Figure 1: The SUMOylation pathway: the SUMO pathway is categorized into maturation, activation, conjugation, and ligation. First of all, SENPs convert immature SUMO to mature SUMO by exposing diglycine motif at carboxyl terminal. This mature SUMO is activated by AOS1/UBA2 (E1—activating enzyme) with the help of ATP-dependent reaction. Activated SUMO conjugates with E2—conjugating enzyme ubc9—which finally transfers it to target lysine on substrate protein with the help of E3 ligase.

Nearly all research on SUMO attachment has pointed out the significance of ΨKXE motif, but on the other hand, SUMOylation has been reported to occur in regions outside of this consensus motif as well: in nonconsensus sites. Xu et al. [21] reported 26% SUMO occurrence in nonconsensus while Xue et al. [45] reported 23% such cases in bulk data used to develop their respective prediction servers. For example, there are four core histones, H2A, H2B, H3, and H4, that are frequently SUMOylated.
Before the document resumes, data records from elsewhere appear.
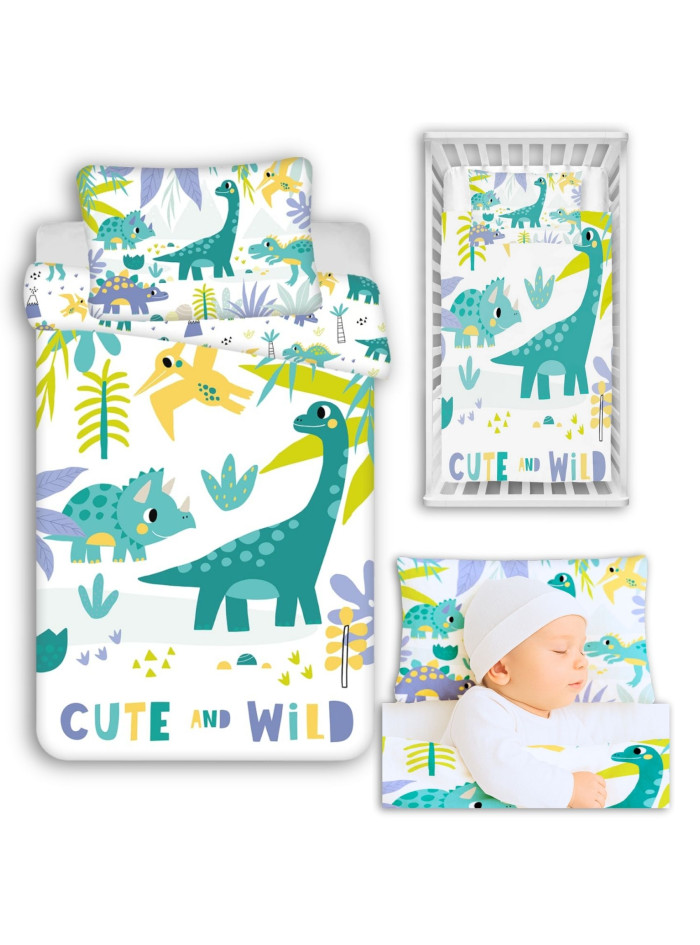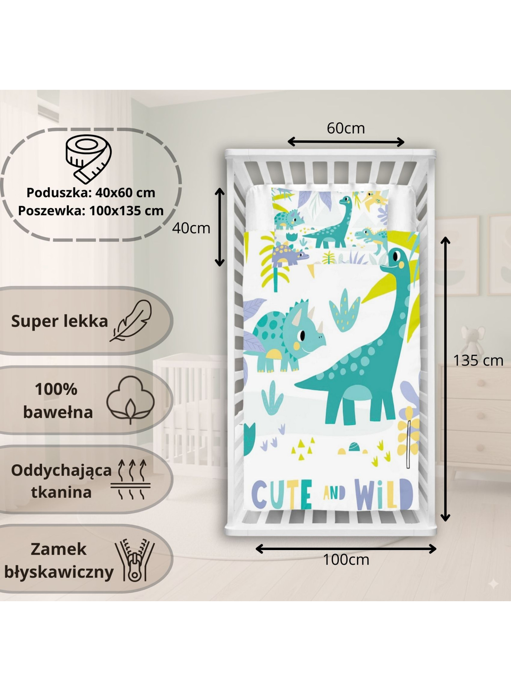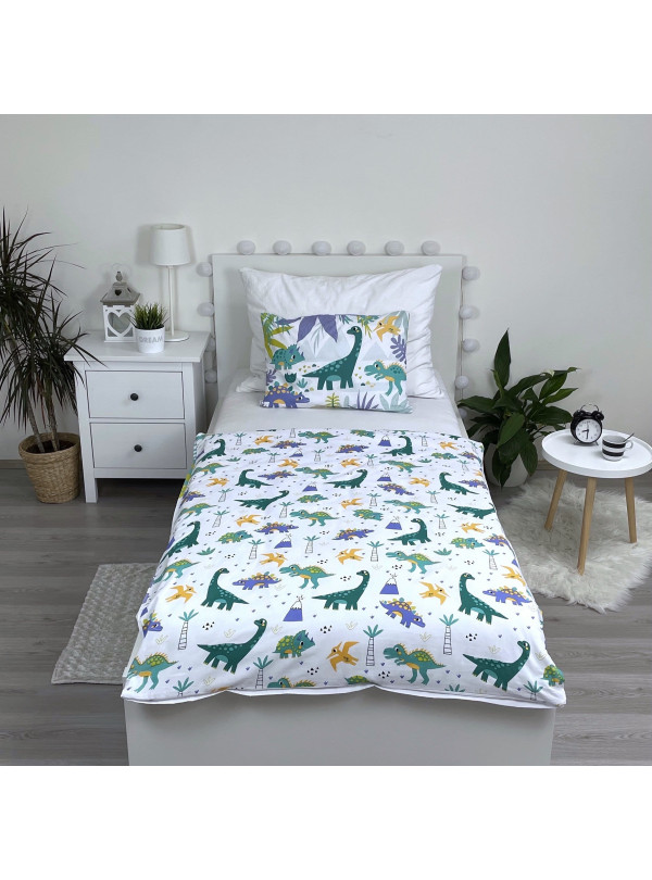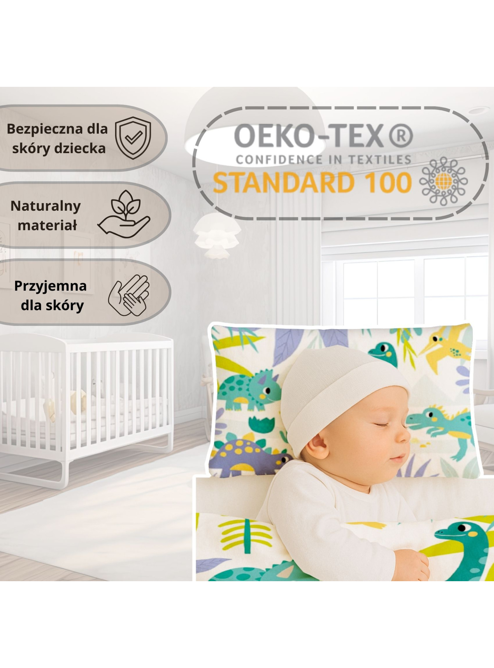 KOMPLET POŚCIELI DO ŁÓŻECZKA DZIECIĘCEGO 100X135 CM KOLOROWE DINOZAURY DINO_04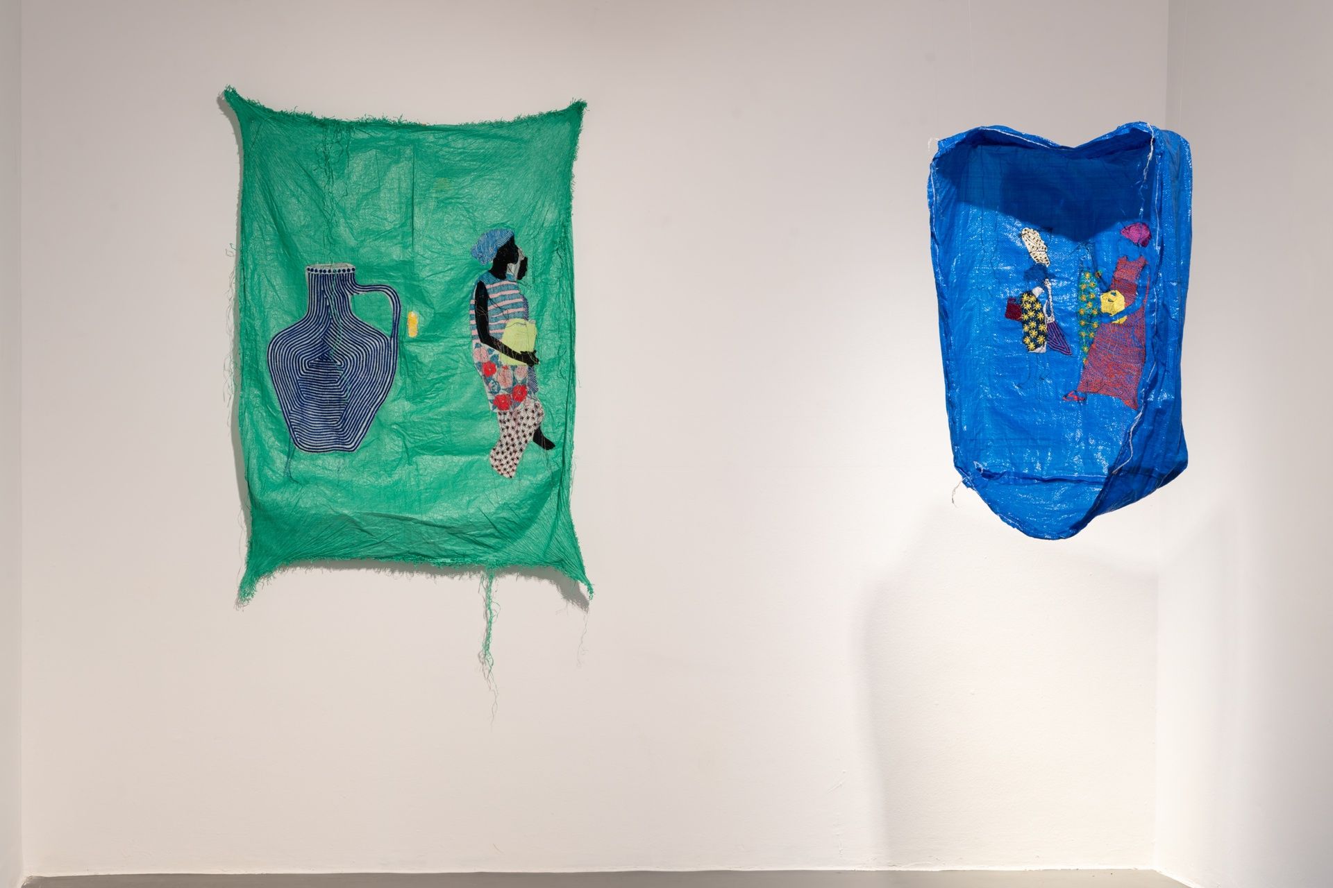 Il risultato è un dialogo tra produzione industriale e gesto artigianale, tra economia globale e cura individuale: una tensione che si percepisce fisicamente nelle superfici stratificate delle opere. Il cuore green della mostra non si limita ai contenuti, ma attraversa i materiali. I tessuti scelti sono infatti spesso stoffe industriali prodotte in massa per i mercati africani: pattern geometrici, colori accesi, superfici pensate per una circolazione rapida e un consumo altrettanto rapido. Una volta superati dal mercato, questi tessuti diventano eccedenza, scarto nelle case e nei magazzini. L’artista si inserisce in questa traiettoria e la devia: recupera, riutilizza, ricuce, trasformando il rifiuto in risorsa. Sostenibilità, qui, è un modo prolungare la vita degli oggetti e rimettere in circolo storie sommerse, saperi marginalizzati, economie invisibili. Le figure femminili che abitano le opere appaiono talvolta incomplete, attraversate da fili lasciati a vista, immerse in trame che richiamano la ripetizione industriale. Sono corpi in divenire, vulnerabili e insieme resistenti, che sfuggono a un’identità univoca. Intervenendo sui pattern seriali, Silva introduce una pausa, un’interruzione critica: è lo spazio in cui la mano riafferma la propria presenza contro l’anonimato della produzione di massa e contro l’idea che tutto debba essere perfettamente rifinito, chiuso, consumabile.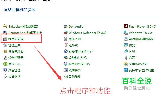 进入控制面板以后点击程序和功能选项,如下图所示,这里需要注意的是图标的显示位置各个电脑中会有差异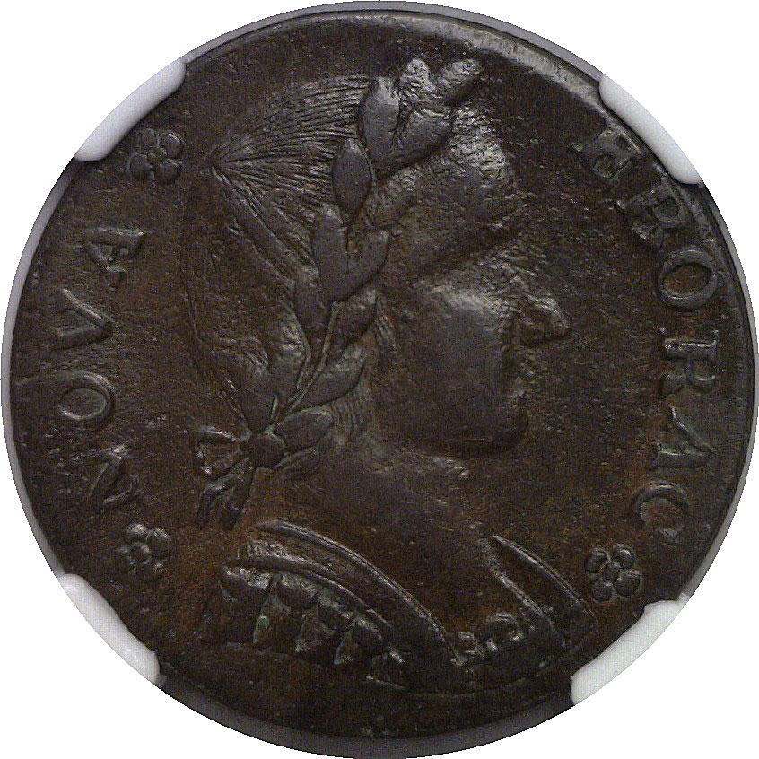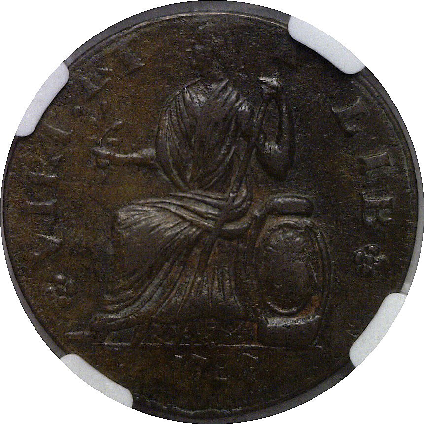 A well-preserved example that exhibits strong detail with only the slightest rub on the high points. The surfaces are smooth and attractive, displaying rich, even brown coloration with glossy underlying luster. The portrait and seated reverse figure are boldly defined, contributing to the coin’s pleasing overall eye appeal. A scarce and desirable colonial issue that is approaching Mint State.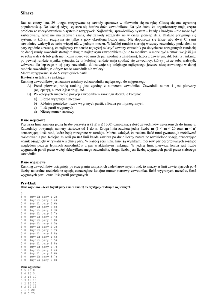 Siłacze Raz na cztery lata, 29 lutego, rozgrywane są zawody sportowe w siłowaniu się na rękę. Cieszą się one ogromną popularnością. Do każdej edycji zgłasza się bardzo dużo zawodników. Na tyle dużo, że organizatorzy mają często problem ze zdecydowaniem o systemie rozgrywek. Najbardziej sprawiedliwy system – każdy z każdym – nie może być zastosowany, gdyż nie ma żadnych szans, aby zawody rozegrały się w ciągu jednego dnia. Dlatego przyjmuje się system, w którym rozgrywa się tylko z góry określoną liczbę rund. Nie dopuszcza się także, aby dwaj Ci sami zawodnicy walczyli ze sobą więcej niż w jednym meczu. W każdej rundzie startują wszyscy zawodnicy podzieleni na pary zgodnie z zasadą, że najlepszy (w sensie najwyżej sklasyfikowany zawodnik po dotychczas rozegranych rundach) do danej rundy zawodnik startuje z drugim najlepszym zawodnikiem (o ile to możliwe, a może być niemożliwe jeśli już ze sobą walczyli lub jeśli nie można sparować innych par zgodnie z zasadami), trzeci z czwartym, itd. Jeśli z rankingu po pewnej rundzie wynika sytuacja, że w kolejnej rundzie mają spotkać się zawodnicy, którzy już ze sobą walczyli, wówczas dla lepszego z tej pary zawodnika dolosowuje się kolejnego najlepszego jeszcze niesparowanego w danej rundzie zawodnika, z którym tenże zawodnik nie walczył. Mecze rozgrywane są do 5 zwycięskich partii. Kryteria ustalania rankingu Ranking zawodników jest zawsze ustalany od zawodnika najlepszego do najgorszego. A) Przed pierwszą rundą ranking jest zgodny z numerem zawodnika. Zawodnik numer 1 jest pierwszy (najlepszy), numer 2 jest drugi, itd. B) Po kolejnych rundach o pozycji zawodnika w rankingu decyduje kolejno: a) Liczba wygranych meczów b) Różnica pomiędzy liczbą wygranych partii, a liczbą partii przegranych c) Ilość partii wygranych d) Niższy numer startowy Dane wejściowe Pierwsza linia zawiera jedną liczbę parzystą n (2 ≤ n ≤ 1000) oznaczającą ilość zawodników zgłoszonych do turnieju. Zawodnicy otrzymują numery startowe od 1 do n. Druga linia zawiera jedną liczbę m (1 ≤ m ≤ 20 oraz m < n) oznaczającą ilość rund, które będą rozegrane w turnieju. Można założyć, że zadana ilość rund gwarantuje możliwość rozlosowania par. Kolejne m serii po n/2 linii każda zawiera po dwie liczby naturalne rozdzielone spacją oznaczające wynik osiągnięty w rywalizacji danej pary. W każdej serii linii, linie są wynikami meczów par posortowanych rosnąco względem pozycji lepszych zawodników z par w aktualnym rankingu. W jednej linii, pierwsza liczba jest liczbą wygranych partii przez wyżej sklasyfikowanego zawodnika, druga liczba jest liczbą wygranych partii przez słabszego zawodnika. Dane wyjściowe Ranking zawodników osiągnięty po rozegraniu wszystkich zadeklarowanych rund, to znaczy n linii zawierających po 4 liczby naturalne rozdzielone spacją oznaczające kolejno numer startowy zawodnika, ilość wygranych meczów, ilość wygranych partii oraz ilość partii przegranych. Przykład: Dane wejściowe – tekst (wynik pary numer numer) nie występuje w danych wejściowych 8 5 5 0 (wynik pary 1 2) 5 0 (wynik pary 3 4) 5 0 (wynik pary 5 6) 5 0 (wynik pary 7 8) 5 0 (wynik pary 1 3) 5 0 (wynik pary 5 7) 5 0 (wynik pary 2 4) 5 0 (wynik pary 6 8) 5 0 (wynik pary 1 5) 5 0 (wynik pary 2 3) 5 0 (wynik pary 6 7) 5 0 (wynik pary 4 8) 5 0 (wynik pary 1 6) 5 0 (wynik pary 2 5) 5 0 (wynik pary 3 8) 5 0 (wynik pary 4 7) 5 0 (wynik pary 1 4) 5 0 (wynik pary 2 6) 5 0 (wynik pary 3 7) 5 0 (wynik pary 5 8) Dane wyjściowe 1 5 25 0 2 4 20 5 3 3 15 10 5 3 15 10 4 2 10 15 6 2 10 15 7 1 5 20 8 0 0 25 Agent B Sojusz Strategicznych Sił Reakcyjnych (SSSR) ciągle nie pozwala spać spokojnie agentom Sił Pokojowych. Nowy Plan przejęcia Władzy nad Światem, ukryty w najtajniejszym sejfie, w najtajniejszym schronie najtajniejszejszego budynku, w nieznanym miejscu stolicy Sojuszu nie jest jednak bezpieczny, dopóki agent Dżejms Błąd błąka się po ulicach. Pokonał on wszystkie zabezpieczenia i jest o krok od zdobycia Planu. Niestety, komputer był i jest wrogiem Dżejmsa – a Plan ukryty jest wśród zer i jedynek na twardym dysku Najtajniejszego Komputera SSSR. Ale jak się do niego dostać, jeżeli dostępna jest jedynie klawiatura i ekran? Dżejms już wie co zrobić. Wyciąga telefon satelitarny i wybiera numer... Właśnie dzwoni Twoja komórka. Odbierasz i słyszysz: "My name is Błąd, Dżejms Błąd. Help me, please!" UWAGA: Maszyna wirtualna do zadania do pobrania ze strony RKI Zadania do wykonania UWAGA: - proszę używać poleceń systemowych - system ma prymitywne zabezpieczenia (a nawet błędną konfigurację), więc aby wykonać wszystkie zadania trzeba je odnaleźć i się ich pozbyć - polecenia wykonywać z uprawnieniami użytkownika root 1. Dostać się do systemu (do dyspozycji jest tylko klawiatura, nie ma dostępu do CD-ROMu, USB i innych urządzeń) 2. Znaleźć pliki xxx.cpp i yy.cpp, połączyć ze sobą tworząc plik xxxyy.cpp, gdzie xxx – pierwsze trzy litery miesiąca Twojego urodzenia (małe i bez polskich znaków), yy – końcowe cyfry roku Twojego urodzenia i skopiować do katalogu domowego użytkownika root 3. Pobrać ze strony http://ii.uwb.edu.pl/rkinfor/e2015/dane/ plik o nazwie xxx.test (znaczenie xxx jw.) do katalogu domowego użytkownika root (linki do plików nie są umieszczone na stronie) 4. Porównać ze sobą zawartość plików – różniące się linie przesłać do pliku out.txt w katalogu domowym użytkownika root (jeśli plik nie istnieje, należy go utworzyć) 5. Skompilować plik xxxyy.cpp i uruchomić podając jako parametry xxx i yy – wynik działania dodać do pliku out.txt 6. Zrestartować komputer 7. Uruchomić skrypt o nazwie end z poziomu katalogu domowego użytkownika root 8. Wynikowy plik out.txt jest rozwiązaniem zadania Tajne przez poufne Dzięki Tobie Najtajniejszy Komputer SSSR już działa należyc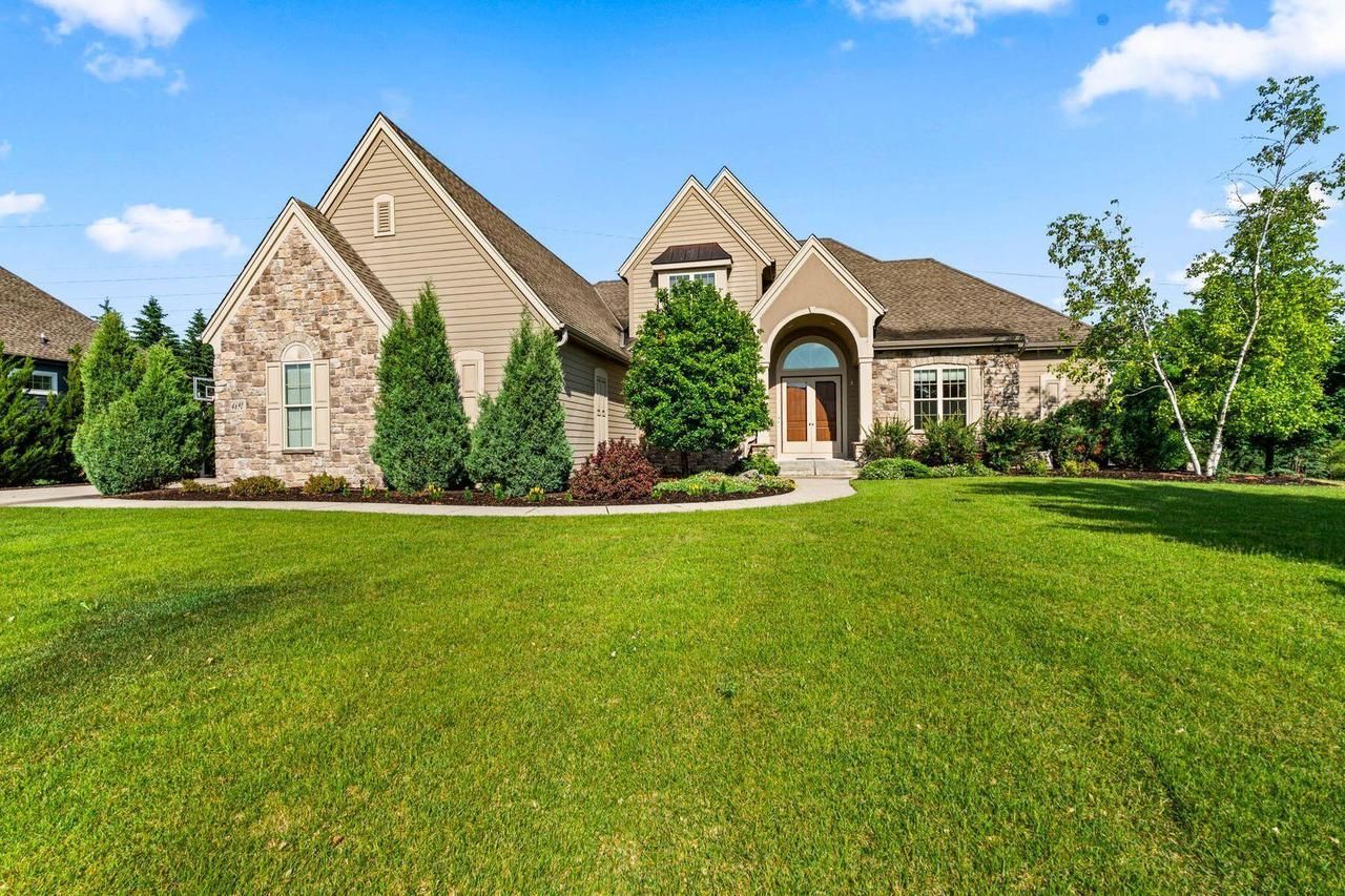 Discover luxury living in Bradon Preserve, one of Brookfield's premier neighborhoods in the highly sought-after Elmbrook School District. This stunning custom home offers over 5,100 sq ft of beautifully designed space with soaring ceilings and sunlit rooms. Enjoy the spacious great room, formal dining, private den, and a chef's kitchen with large island and abundant cabinetry. The main floor primary suite features dual walk-in closets and a spa-like bath. A generous laundry/mudroom leads to the oversized 4-car garage with room for storage. Upstairs, two large bedrooms share a Jack & Jill bath. The finished lower level boasts a kitchenette, rec space, two additional bedrooms, full bath, and a fitness room. Outside, relax on the 500 sq ft deck or gather around the firepit. Virtual staging.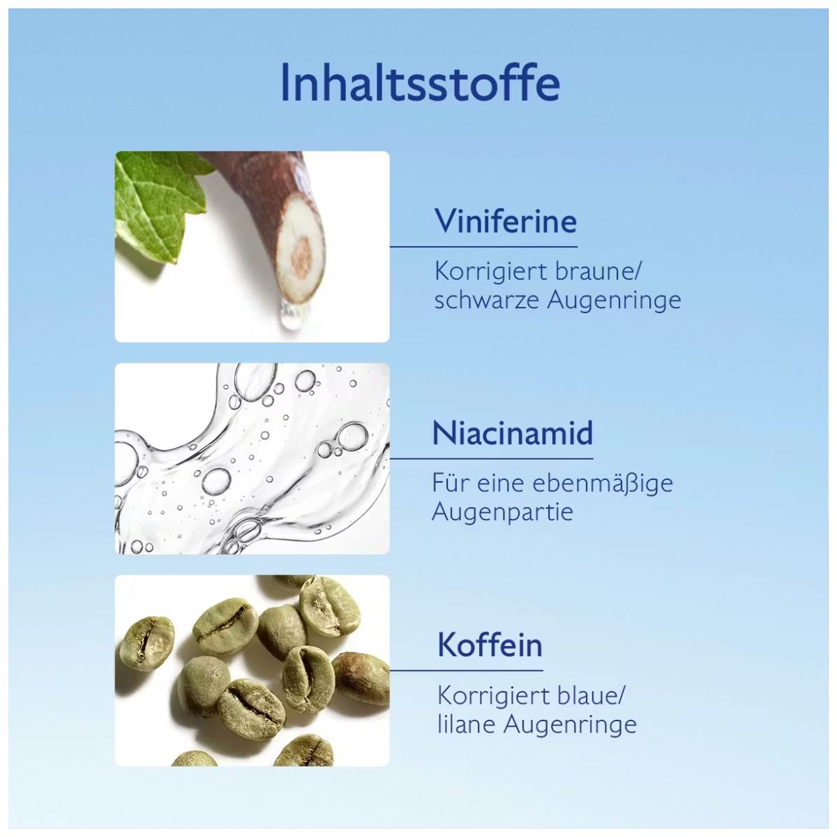 Die Formel kombiniert drei leistungsstarke Wirkstoffe: Viniferine, Koffein und Niacinamid. Diese wirken synergetisch, um die Haut aufzuhellen, die Mikrozirkulation zu unterstützen und Schwellungen sowie dunkle Verfärbungen zu mildern.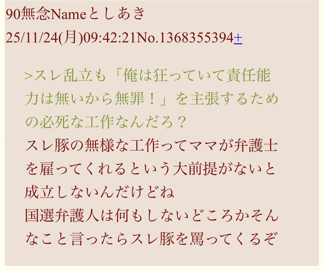 | … | 61無念Nameとしあき25/11/29(土)01:52:13No.1369457333+>子豚はやたらと国選弁護人を無能扱いするのォ |

However, none of the SUMOylated sites in these histones conform to the common consensus motif [46]. Several other consensus motifs have been proposed including NDSM and PDSM. NDSM proposes that negatively charged amino acids around the target lysine enhance SUMOylation [47] while PDSM is based on ΨKXEXXSP motif, both being only an extension of the original common motif [48].

An analysis of available PDB structures of several protein targets having 57 reported SUMOylation sites revealed 54 of the sites to be exposed on the surface while only 3 were buried within the proteins’ globular structure [21]. Also, research has led to the conclusion that SUMOylation is greatly enhanced when the target lysine is forced to adopt a favorable conformation [49]. From this behavior it can be inferred that the conjugation enzymes and ligases have sequence preference since they come into direct contact with target protein. SUMOylation pathway requires only three enzymes, specificity of subcellular localization and appropriate presentation of target residue on globular structure [2]. In case of other PTMs, a variety of enzymes with their target recognition and modification systems bring out varied site preference; typically they are not focused on any one type of residue. The major role in SUMOylation is played by only few enzymes discussed above; it suffers from the lack of efficient target recognition and modification systems, thus emphasizing the importance of motif and sequence information on the target protein as a device of recognition in the pathway.

Including sequence information as a principal contributor of computational prediction performance can provide rational computational tools, but focusing entirely on the consensus motif is not preferable as it can result in missing many true positives that lie in nonconsensus regions along with high false positive rate due to the many consensus sites that are actually not SUMOylated. In view of the occurrence of SUMO at both consensus and nonconsensus, sites it is proposed that other than the raw amino acid sequence around a SUMOylatable lysine residue there are factors of appropriate presentation and exposure of lysine and adjacent residues including steric hindrance, hydrophobicity, polarity, and entropy, playing a crucial role in determining whether a residue shall undergo SUMOylation or not. However, two residues downstream and one residue upstream of the target lysine play the most important role in SUMOylation [2, 50, 51].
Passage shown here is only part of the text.